Mountain Angel is a song written and performed by Dolly Parton off of her 2001 album Little Sparrow. This song, including the other tracks from the album, was recorded at ‘Oceanway and The Doghouse’ in Nashville, and at ‘Schnee Studios’ in Los Angeles. Mountain angel is a bluegrass piece with elements of folk. In order to match the success of her previous album, The Grass is Blue, Dolly used the band Nickel Creek and the backing vocals of Alison Krauss to create a new innovative bluegrass sound. The song was performed on several occasions including Larry King: Live to promote Little Sparrow and the Live and Well Tour. It was also written as a tribute, and dedicated, to her father who told her these wild stories in the Great Smoky Mountains.

== Synopsis ==
The song follows a beautiful female protagonist – referred to as a Mountain Angel –who is corrupted by a passerby who she falls in love with and marries. He leaves her and her town as abruptly as he arrived leaving the girl confused and depressed. She eventually loses her mind and flees to the mountains. From the mountains she watches over the town that she once called home. There’s talk about her having a child that didn’t make it past birth, which she mourns from the mountains, by howling. She spends the last years of her life roaming the mountains clothe-less and being referred to as a witch. The juxtaposition is also made, the young girl who was pale and beautiful, who was loved by her family and the wider community, to this deranged woman who lost all she had.

== Concept ==
Mountain Angel is written in the key of D and is completely acoustic. It has a 4/4 time signature with 63 bpm. The song goes for seven minutes, which is unusual for a song. This is because Little Sparrow was released on Dolly’s record label ‘Sugar Hill’ and Dolly had full control over the concept and songs. The speed is andante and maintains this throughout the whole piece, however the dynamic changes several times between each section from piano all the way through to forte. The instrumentation includes three guitars, a double bass, a mandolin, a violin, a banjo, a fiddle, a dulcimer, two whistles, and two backing vocalists. The Vocal range of the song is E – A# above middle C. The vocal is very repetitive throughout the verses; this is done to feature the story of the song rather than distracting the audience with an ever-changing melody.

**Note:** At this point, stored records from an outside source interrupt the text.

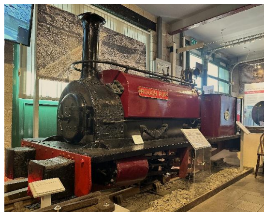
Two of the Museum’s star exhibits – “Dot” and “Rough Pep”

The Trust’s aim is to record and interpret the history of narrow-gauge railways in the British Isles and beyond. While a number of passenger-carrying railways have been preserved and still operate, primarily now to serve the tourist market, many other passenger-carrying lines, as well as numerous industrial and military ones, ceased to exist in the mid-20 th century. The pioneering enthusiasts and collectors of those times laid the basis of the collection while it was still possible, so that today the story of these railways can be told, most of which never achieved the widespread following enjoyed by the main lines, but were in their own way important contributors to economic and social history.
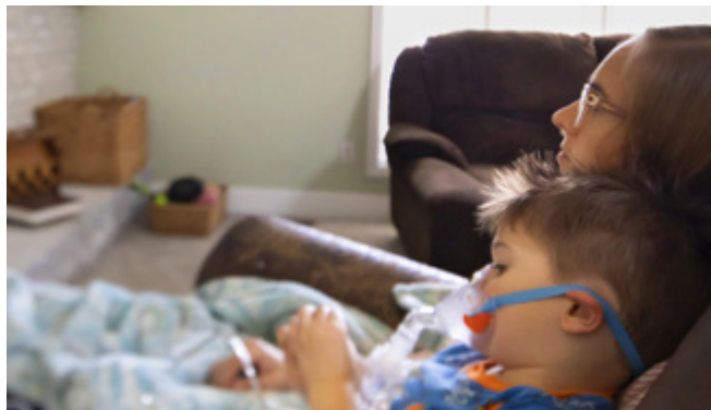
Sandy, Utah, USA
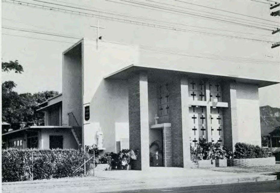
St. Mark's Church, Honolulu, a combination of old and new architecture, received aid from the UTO. Many bricks for this building were made by parishioners.

THE SECOND LARGEST CATEGORY IN THE 1955 United Thank Offering budget is the one entitled SPECIALS: CAPITAL GIFTS. The largest item in this section is for new buildings and property.
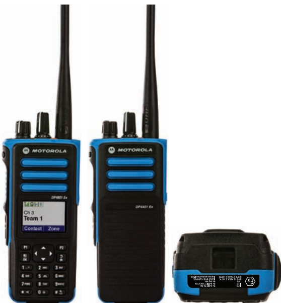
DP4801 Ex (Display) DP4401 Ex (Non-Display)

The MOTOTRBO DP4000 Ex Series combines the best of two-way radio functionality with the latest digital technology. It integrates voice and data seamlessly, offers enhanced features that are easy to use, and delivers increased capacity to efficiently connect all your crews. With exceptional voice quality, long battery life and ATEX-rated for safety, the DP4000 Ex Series keeps your workers connected safely and productively, wherever the job takes them.
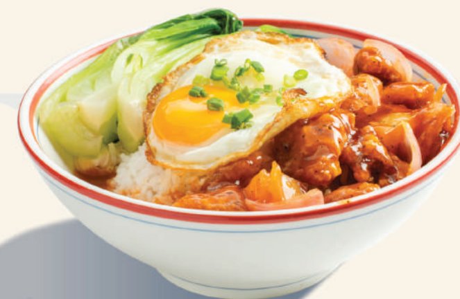
R4 SWEET & SOUR BOWL 酸甜丼饭
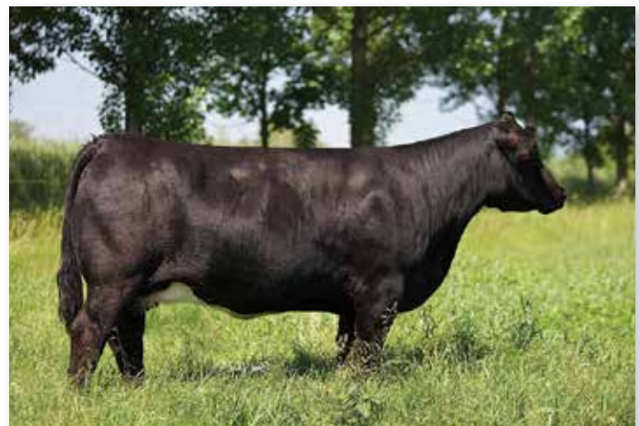
RHYTHM 418P - SIMMENTAL MATRIARCH AND MATERNAL GRANDDAM OF LOT 1
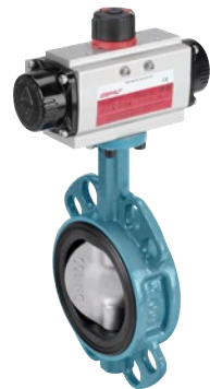
GEMÜ R481 Victoria stainless steel butterfly valve
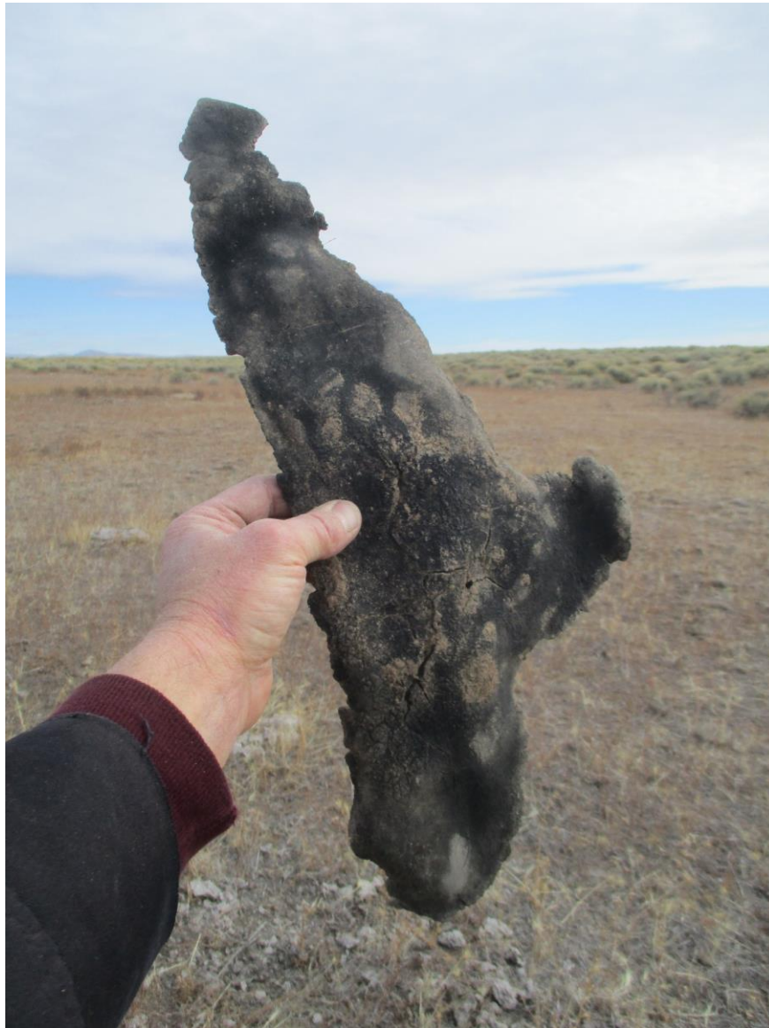
Rubber from a self-sealing fuel tank

The song begins with the sound of one of the acoustic guitars plucking the ostinato that played throughout the piece. This is accompanied by another acoustic guitar strumming on every second beat. The main vocalist comes in after two bars and sings in her light, soft tone. She sings for 8 bars. The Violin is introduced in bar 8 of the piece playing a short melisma over the guitars. The banjo is plucked in bar 10 as Dolly finishes singing the first section. The banjo is continually plucked throughout the second section. The double bass is the played in bar 17. As Dolly sings the chorus, the backing vocals join her ‘Oh’s’. The instruments pick up in dynamics during the chorus. One backing vocalist joins the main vocalist during the final line of the chorus- “He lifted her so high, then let her drop”. There are minimal changes throughout the second verse with the exception of the violin become more prominent and the backing vocals highlighting more lines. The bridge breaks down to just two guitars and hints of a violin as the vocals almost speak the lyrics. The mandolin, however, is featured heavily in this part of the track-using glissando. The bridge goes for 16 bars.

The following chorus has backing vocals all the way through and is forte. Verse 3 introduces the flute subtly. And the instrumentation remains fluent and consistent throughout the rest of the piece.